By William J. Furney
ChatGPT may no longer “hallucinate” as much and give more accurate answers, especially to demanding questions, as the maker of the wildly popular virtual assistant has introduced new models that “think like a person” before they start talking.
Since its launch almost two years ago, in November 2022, and its lightning-fast use by tens of millions of people — from students wanting papers written to doctors looking for diagnoses — the artificial intelligence (AI) app has become notorious for making things up.
Maker OpenAI, backed by billions in Microsoft funding, acknowledged early on that its product was not always accurate, and continues to warn that “ChatGPT can make mistakes. Check important info.”
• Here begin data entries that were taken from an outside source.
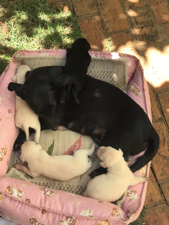 É uma cadelinha que eu mesma fiz o resgate de dentro de um buraco cheio de ratos os filhotinhos corriam o risco de serem comidos vivos o resgate foi na biblioteca do riacho fundo l a mãe e os filhotinhos se encontram no Mangueiral na casa de uma amiga mais ela não pode mais ficar com eles foi só como lar temporário porque corria risco na rua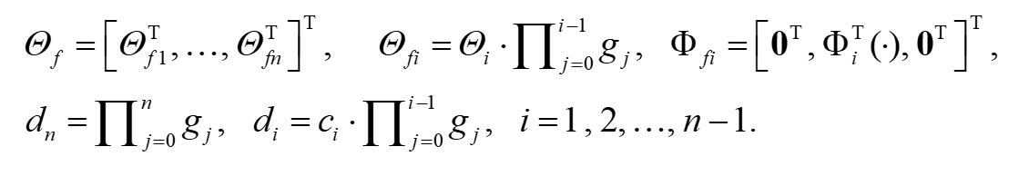 ,考虑自适应控制方案。在不存在输入噪声和输出噪声的情况下,将式(2)中的所有方程迭代代入合并,可以得到如下系统方程: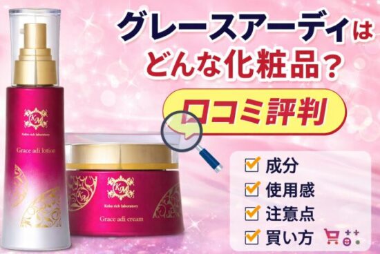 Grace adi(グレース アーディ)は、整肌成分としてアミノ酸誘導体「ナールスゲン」を配合し、さらにセラミド・ヒアルロン酸・プロテオグリカンなどの保湿成分も組み合わせたローション&クリーム。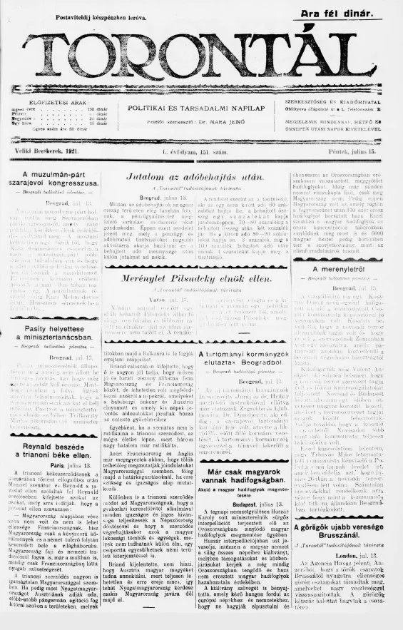 Torontál, 50. évf. 1921. július 15. 151. sz.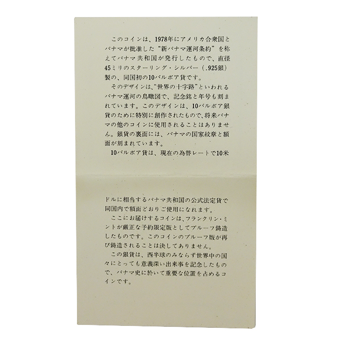 | 商品名 | 新パナマ運河条約記念 10バルボア・プルーフ銀貨 |

But this week OpenAI unveiled two new models that won’t rush into answering users’ queries, joining a stable of five that are both free and paid-for, at $20 per month. The new arrivals are called o1, for “advanced reasoning” and currently in preview mode, and o1-mini, which is “faster at reasoning”.
“We trained these models to spend more time thinking through problems before they respond, much like a person would,” OpenAI said in a statement. “Through training, they learn to refine their thinking process, try different strategies and recognise their mistakes.”
OpenAI said that during testing, “the next model update performs similarly to PhD students on challenging benchmark tasks in physics, chemistry and biology. We also found that it excels in math and coding.”
The San Francisco-based company headed by AI pioneer Sam Altman said that previous ChatGPT models, such as 4o, mostly failed to correctly answer questions in an exam for the International Mathematical Olympiad, an annual academic competition, scoring only 13 percent. But the new versions got 83 percent of the exam questions right.
Instead of the instant answers previous versions give, the new ones take anywhere from a few seconds to half a minute before giving a result, displaying a “thinking” notice while sorting through relevant information in its vast language database and deciding how best to answer.
For “complex reasoning tasks this is a significant advancement and represents a new level of AI capability,” said OpenAI.
It said the “enhanced reasoning capabilities may be particularly useful if you’re tackling complex problems in science, coding, math and similar fields.
“For example, o1 can be used by healthcare researchers to annotate cell sequencing data, by physicists to generate complicated mathematical formulas needed for quantum optics and by developers in all fields to build and execute multi-step workflows.”
The new models do not yet have the internet-searching and image-generation capabilities of previous ones, however, OpenAI said.